Human Vγ9Vδ2 T cells show potent antitumor activity against zoledronate-sensitized OSCC cell lines.

Vγ9Vδ2 T cells exhibit potent antitumor effects against multiple types of tumors in preclinical models. In the present study, we examined whether human Vγ9Vδ2 T cells can be effective against oral squamous cell carcinoma (OSCC) cell lines in vitro because the interaction between OSCC and Vγ9Vδ2 T cells has not been explored previously.Eight OSCC cell lines were analyzed for their expression of ligands that potentially activate Vγ9Vδ2 T cells. Vγ9Vδ2 T cells were expanded in vitro from peripheral blood mononuclear cells (PBMCs) using zoledronate and IL-2. Expanded Vγ9Vδ2 T cells were tested for IFNγ production and cytotoxicity in response to zoledronate-treated OSCC cell lines.
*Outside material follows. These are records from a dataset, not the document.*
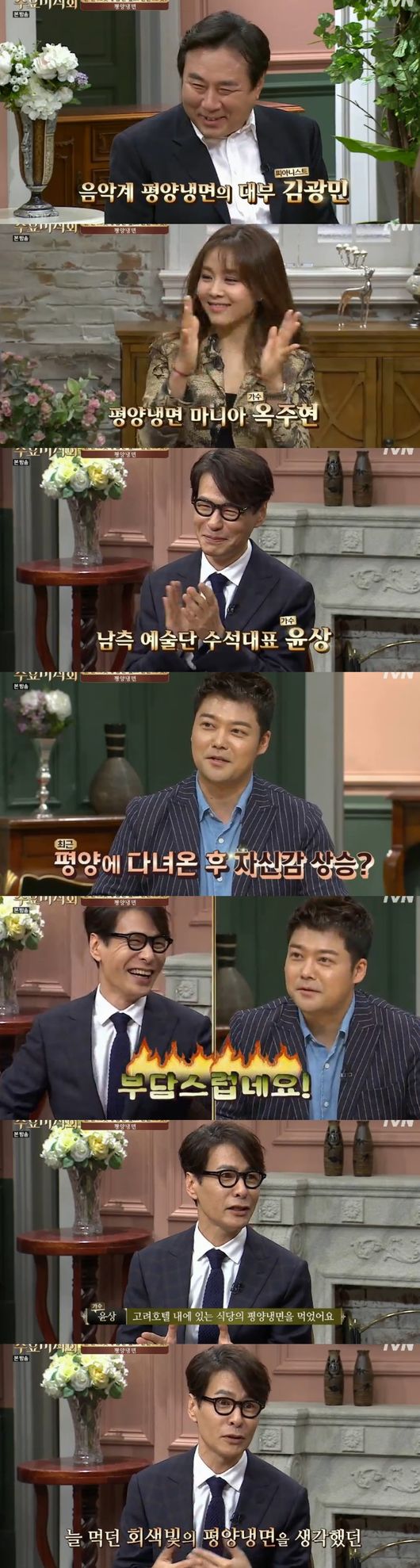 윤상은 평양 다녀온 후 자신감 있지 않냐고 묻자 "한끼 먹고 답을 말씀드릴 수 없지만 유일하게 학습이 필요했던 냉면 노력을 해야 참맛을 느낄 수 있다"면서 아쉽게도 옥류관은 가지 못했다고 했다.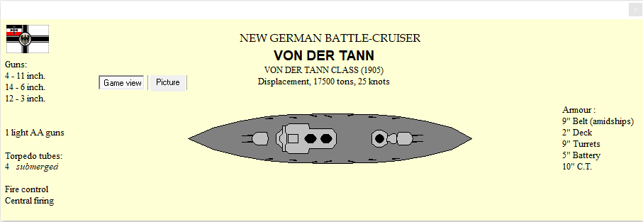 The Von der Tann looks to be from the same conceptual mold as the Duquesne, only with 11" guns instead of 14" and an extra 2 kts of speed. The difference is that they have one under construction, and we have three in service. The extra speed will be annoying, but I'd still bet on us to win the fight. In firepower terms, she's probably a match for a typical B, particularly if the 11" guns are good.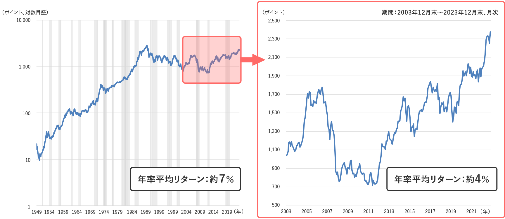 左のグラフは算出可能な1949年からの推移を示しています。約75年間で110倍を超える上昇で、年率平均リターンは約7%でした。次に右のグラフは過去20年間を示していますが、約2倍に上昇し、年率平均リターンは約4%でした。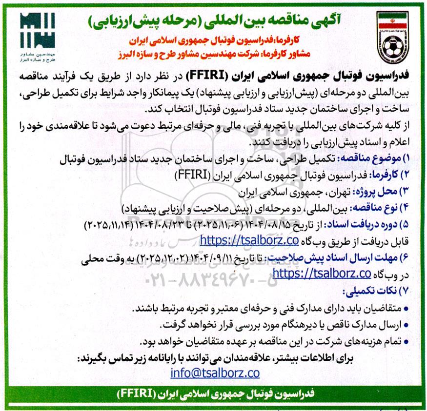 فدراسیون فوتبال جمهوری اسلامی ایران (FFIRI) در نظر دارد از طریق یک فرآیند مناقصه بین المللی دو مرحله ای (پیش ارزیابی و ارزیابی پیشنهاد) یک پیمانکار واجد شرایط برای تکمیل طراحی، ساخت و اجرای ساختمان جدید ستاد فدراسیون فوتبال انتخاب کند.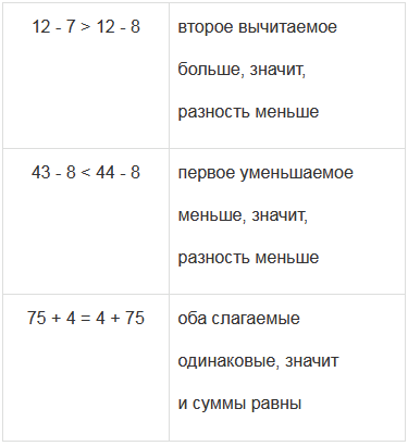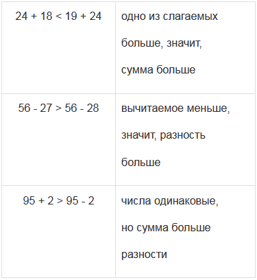 | 12 – 7 > 12 – 8 | 24 + 18 < 19 + 24 |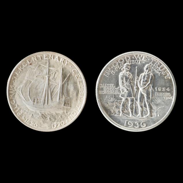 1620 Pilgrim Tercentenary Half Dollar and 1936 Daniel Boone Half Dollar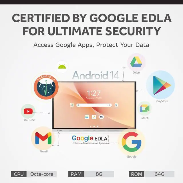 The AHA Interactive Flat Panel Display Hybrid 5000 is equipped with the latest Android OS and a powerful Octa-core CPU to deliver fast and reliable performance.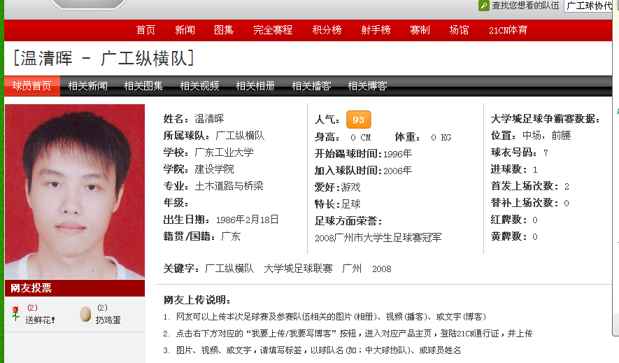 QUOTE(AKenChan @ 2013年03月08日 Friday, 04:32 PM) [attachmentid=309423]曾经的广工校队绝对主力。。已经毕业。。现在为广州电白同乡足球队中场核心。。 [snapback]3508734[/snapback] 曾荣获2009年电白县最佳球员荣誉。。。。。声明:和温清晖合影的那个不是本人。。他也是电白足球界的狂热分子。。叫林敏毓。。现为电白珠海同乡足球队队员。。。。[attachmentid=309424]

Flow cytometry was used to obtain and analyze data.All OSCC cell lines expressed CD277. The cell lines also expressed at least one type of NKG2D ligand. Zoledronate-treated OSCC cell lines induced IFNγ expression in Vγ9Vδ2 T cells. We thus found that Vγ9Vδ2 T cells efficiently kill zoledronate-sensitized OSCC cell lines.We found that zoledronate-treated OSCC cell lines are effectively killed by Vγ9Vδ2 T cells. Our results indicate that developing Vγ9Vδ2 T cell-based immunotherapy will be promising in treating patients with OSCC.